● The problem:
If a line below falls between the line with "3-piece Folding Adirondack" and the line with "diferenciarse o morir.", or is one of those two, output it exactly; output nothing else and no pictures.

Dataset items:

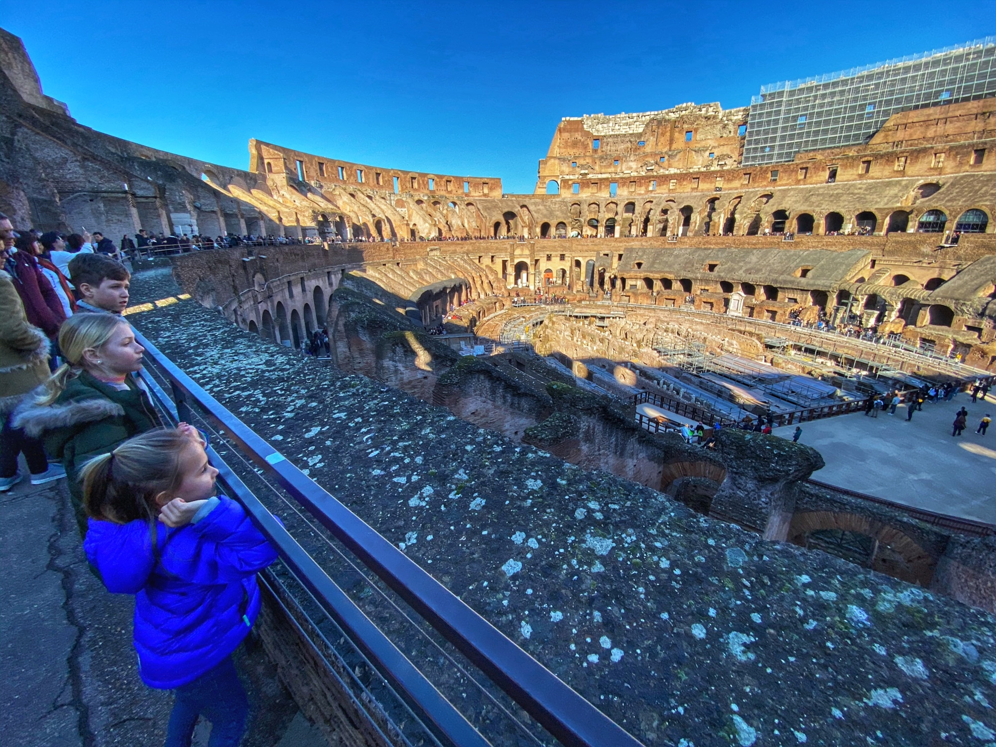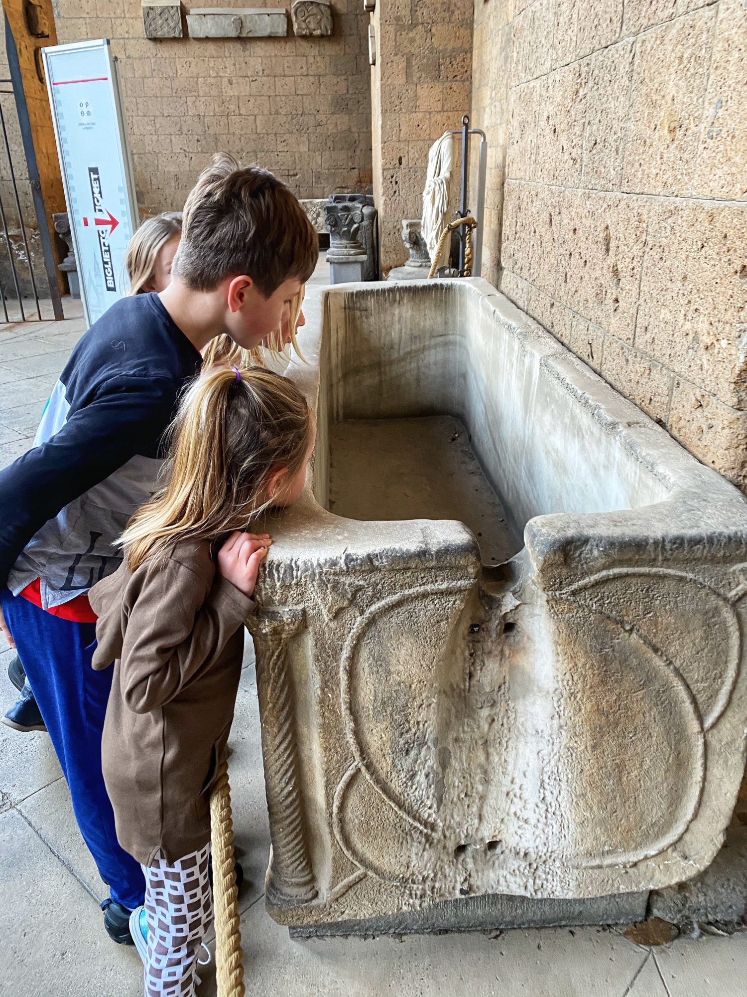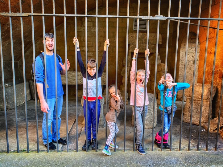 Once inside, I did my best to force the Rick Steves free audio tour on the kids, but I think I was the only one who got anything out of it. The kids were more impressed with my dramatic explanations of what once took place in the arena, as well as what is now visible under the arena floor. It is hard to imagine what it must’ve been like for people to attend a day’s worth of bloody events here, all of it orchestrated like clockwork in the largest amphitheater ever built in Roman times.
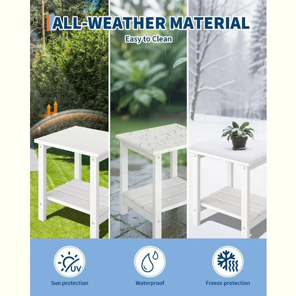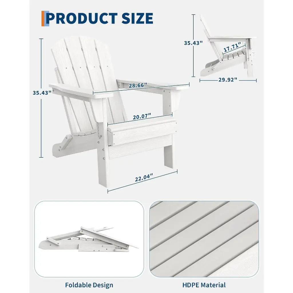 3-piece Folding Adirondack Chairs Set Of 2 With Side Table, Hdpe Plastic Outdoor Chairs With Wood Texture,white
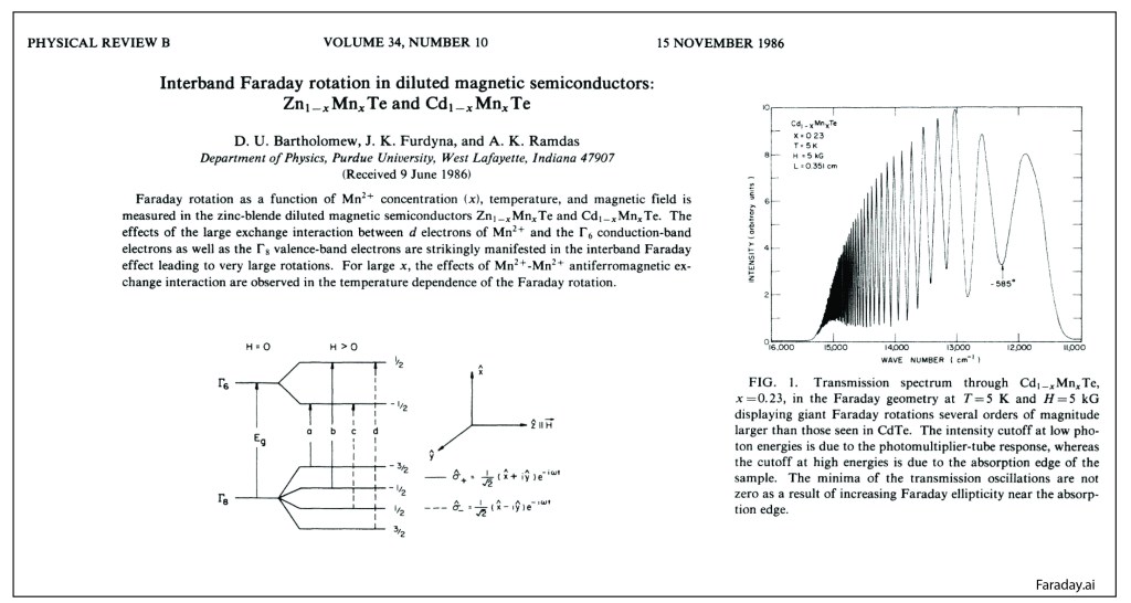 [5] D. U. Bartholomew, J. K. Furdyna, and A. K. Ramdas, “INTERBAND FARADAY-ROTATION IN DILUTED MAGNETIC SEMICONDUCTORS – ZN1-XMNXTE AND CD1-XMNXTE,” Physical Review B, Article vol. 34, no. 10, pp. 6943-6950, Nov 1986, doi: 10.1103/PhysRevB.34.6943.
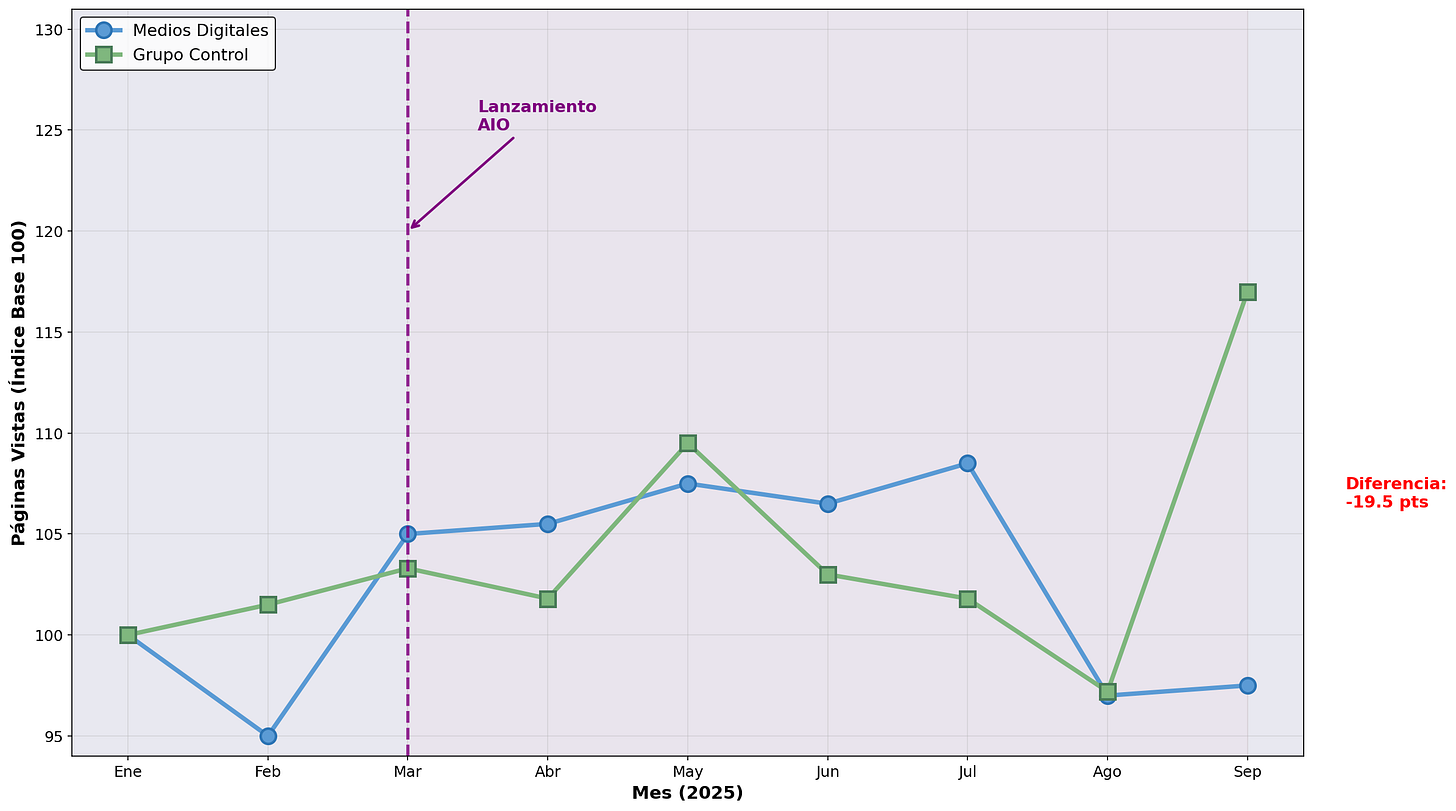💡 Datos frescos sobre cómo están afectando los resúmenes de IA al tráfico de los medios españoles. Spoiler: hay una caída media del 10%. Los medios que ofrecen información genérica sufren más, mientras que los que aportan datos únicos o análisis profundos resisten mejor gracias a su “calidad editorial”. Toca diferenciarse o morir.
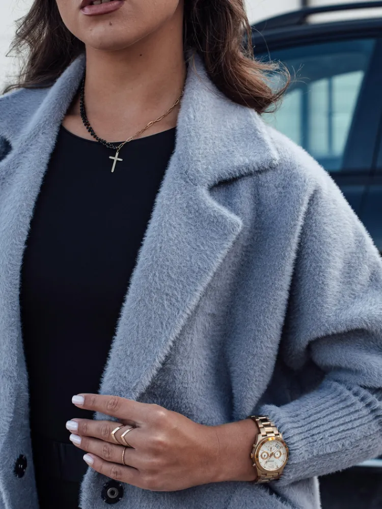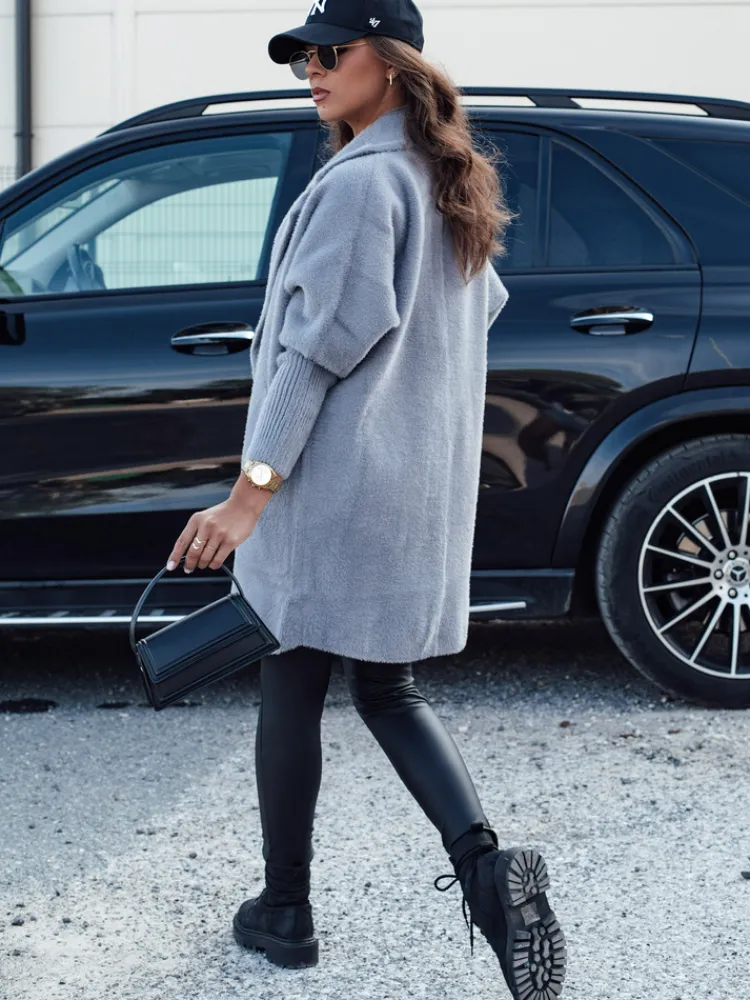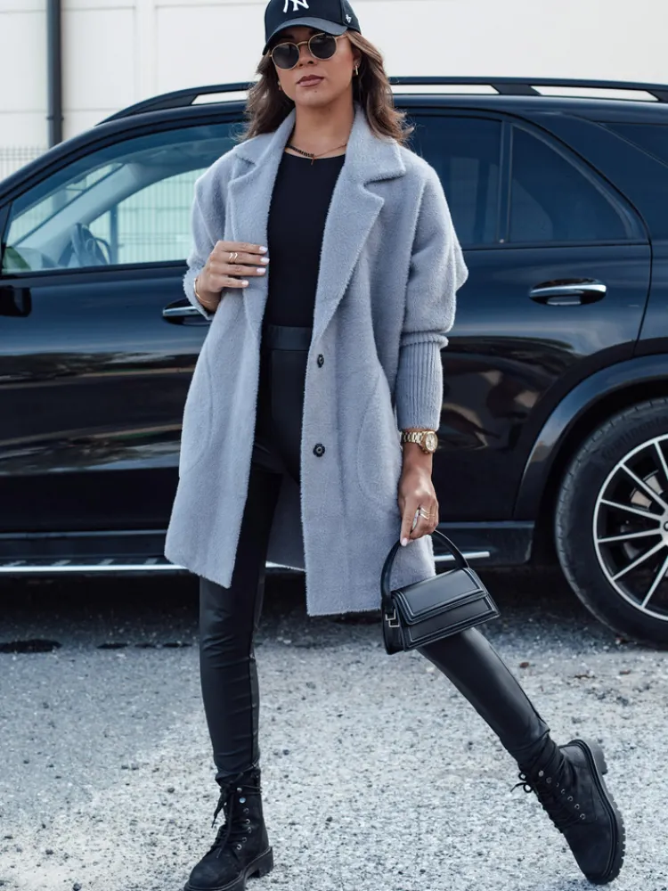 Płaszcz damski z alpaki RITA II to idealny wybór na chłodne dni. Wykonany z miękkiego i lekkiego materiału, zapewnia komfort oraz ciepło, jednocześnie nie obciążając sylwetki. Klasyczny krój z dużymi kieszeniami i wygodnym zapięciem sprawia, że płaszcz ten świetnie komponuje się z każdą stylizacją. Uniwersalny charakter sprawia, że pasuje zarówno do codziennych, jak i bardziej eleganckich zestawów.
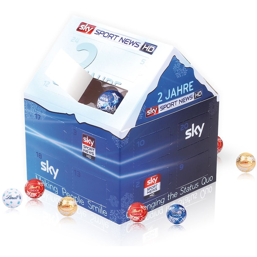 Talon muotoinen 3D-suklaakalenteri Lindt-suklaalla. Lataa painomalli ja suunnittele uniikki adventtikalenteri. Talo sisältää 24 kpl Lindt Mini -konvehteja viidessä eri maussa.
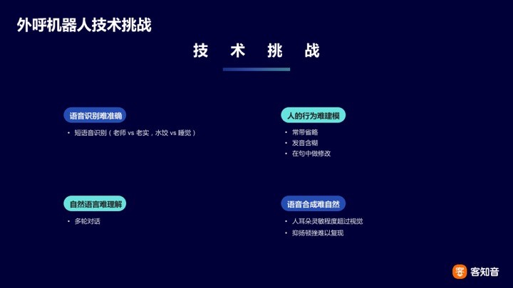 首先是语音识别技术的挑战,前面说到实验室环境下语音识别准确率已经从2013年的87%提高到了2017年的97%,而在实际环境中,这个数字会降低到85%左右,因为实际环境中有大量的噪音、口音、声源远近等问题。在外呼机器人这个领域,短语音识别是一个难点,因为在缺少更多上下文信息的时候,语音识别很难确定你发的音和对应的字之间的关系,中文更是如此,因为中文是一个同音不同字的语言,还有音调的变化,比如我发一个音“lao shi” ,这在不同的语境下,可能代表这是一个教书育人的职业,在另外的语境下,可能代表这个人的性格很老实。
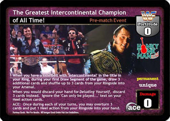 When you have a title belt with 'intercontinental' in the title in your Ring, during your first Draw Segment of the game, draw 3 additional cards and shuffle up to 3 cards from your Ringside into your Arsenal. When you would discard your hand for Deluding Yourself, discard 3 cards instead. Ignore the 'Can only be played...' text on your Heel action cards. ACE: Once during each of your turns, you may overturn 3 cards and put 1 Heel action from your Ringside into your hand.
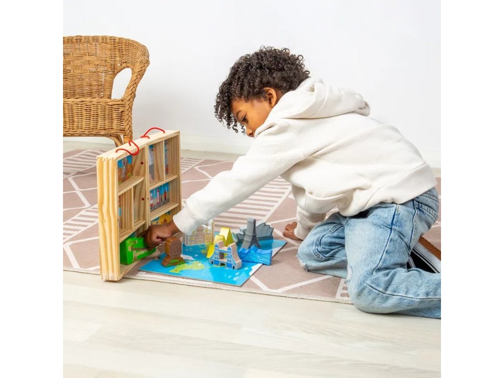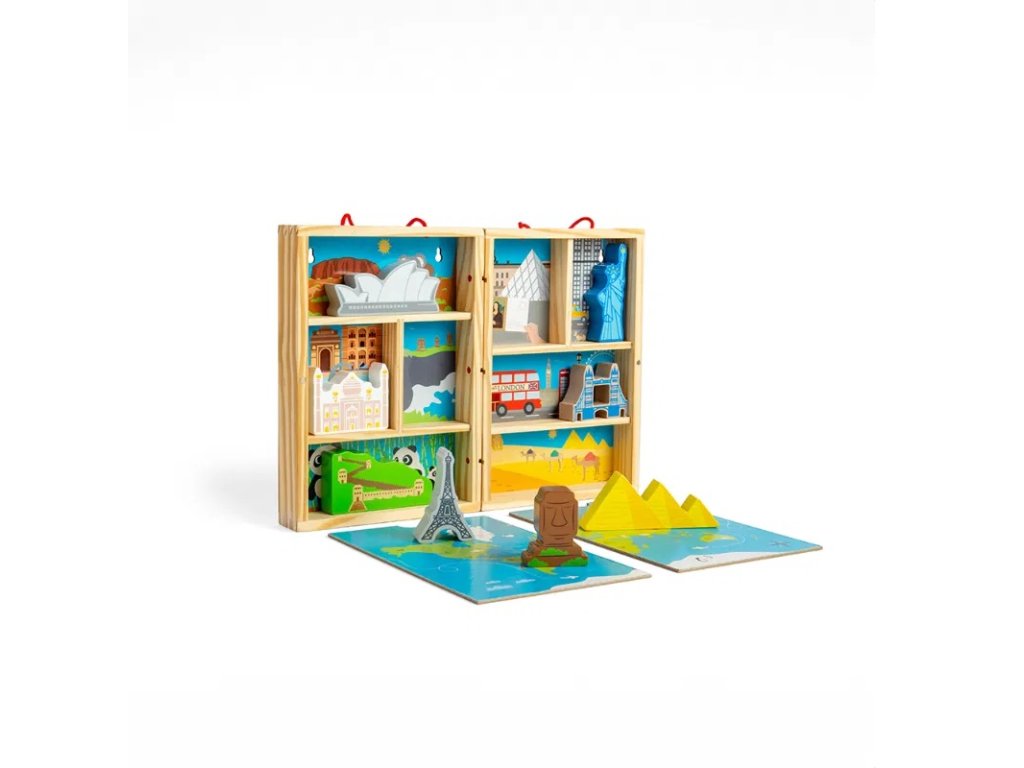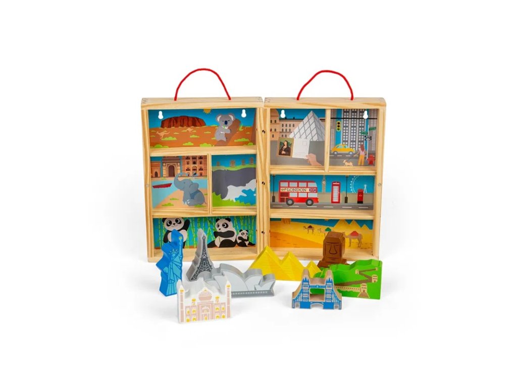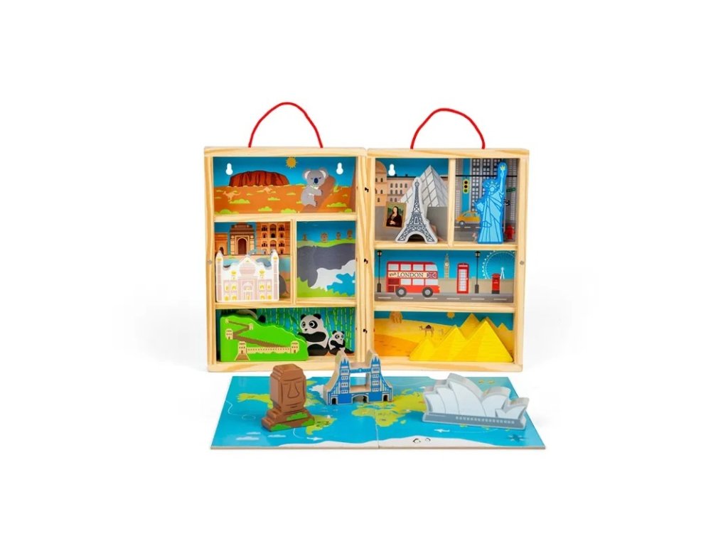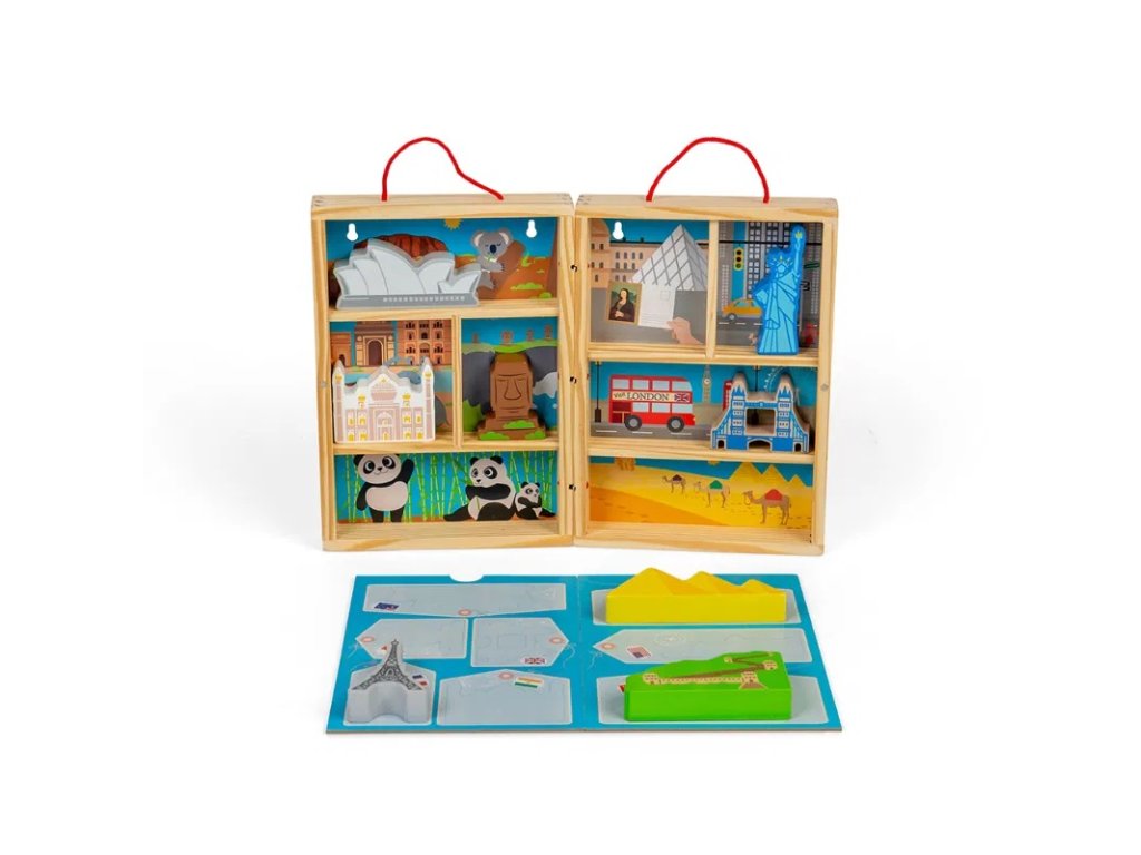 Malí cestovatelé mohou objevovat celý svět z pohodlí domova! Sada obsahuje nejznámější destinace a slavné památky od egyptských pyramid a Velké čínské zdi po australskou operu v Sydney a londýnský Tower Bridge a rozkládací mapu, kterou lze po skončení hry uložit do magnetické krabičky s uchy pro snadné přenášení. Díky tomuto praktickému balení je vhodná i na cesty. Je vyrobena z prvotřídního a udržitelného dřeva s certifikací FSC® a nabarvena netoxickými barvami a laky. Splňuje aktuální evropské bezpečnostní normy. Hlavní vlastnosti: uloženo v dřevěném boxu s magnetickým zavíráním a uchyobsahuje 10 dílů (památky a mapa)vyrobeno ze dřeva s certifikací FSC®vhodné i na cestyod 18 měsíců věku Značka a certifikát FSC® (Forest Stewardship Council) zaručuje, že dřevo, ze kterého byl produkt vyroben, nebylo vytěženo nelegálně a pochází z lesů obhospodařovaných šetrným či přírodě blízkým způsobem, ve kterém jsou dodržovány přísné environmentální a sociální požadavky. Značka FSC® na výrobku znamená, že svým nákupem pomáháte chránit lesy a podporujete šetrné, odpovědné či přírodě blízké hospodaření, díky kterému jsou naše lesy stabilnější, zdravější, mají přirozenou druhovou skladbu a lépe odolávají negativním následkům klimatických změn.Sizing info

● Completed task:
 3-piece Folding Adirondack Chairs Set Of 2 With Side Table, Hdpe Plastic Outdoor Chairs With Wood Texture,white
 [5] D. U. Bartholomew, J. K. Furdyna, and A. K. Ramdas, “INTERBAND FARADAY-ROTATION IN DILUTED MAGNETIC SEMICONDUCTORS – ZN1-XMNXTE AND CD1-XMNXTE,” Physical Review B, Article vol. 34, no. 10, pp. 6943-6950, Nov 1986, doi: 10.1103/PhysRevB.34.6943.
💡 Datos frescos sobre cómo están afectando los resúmenes de IA al tráfico de los medios españoles. Spoiler: hay una caída media del 10%. Los medios que ofrecen información genérica sufren más, mientras que los que aportan datos únicos o análisis profundos resisten mejor gracias a su “calidad editorial”. Toca diferenciarse o morir.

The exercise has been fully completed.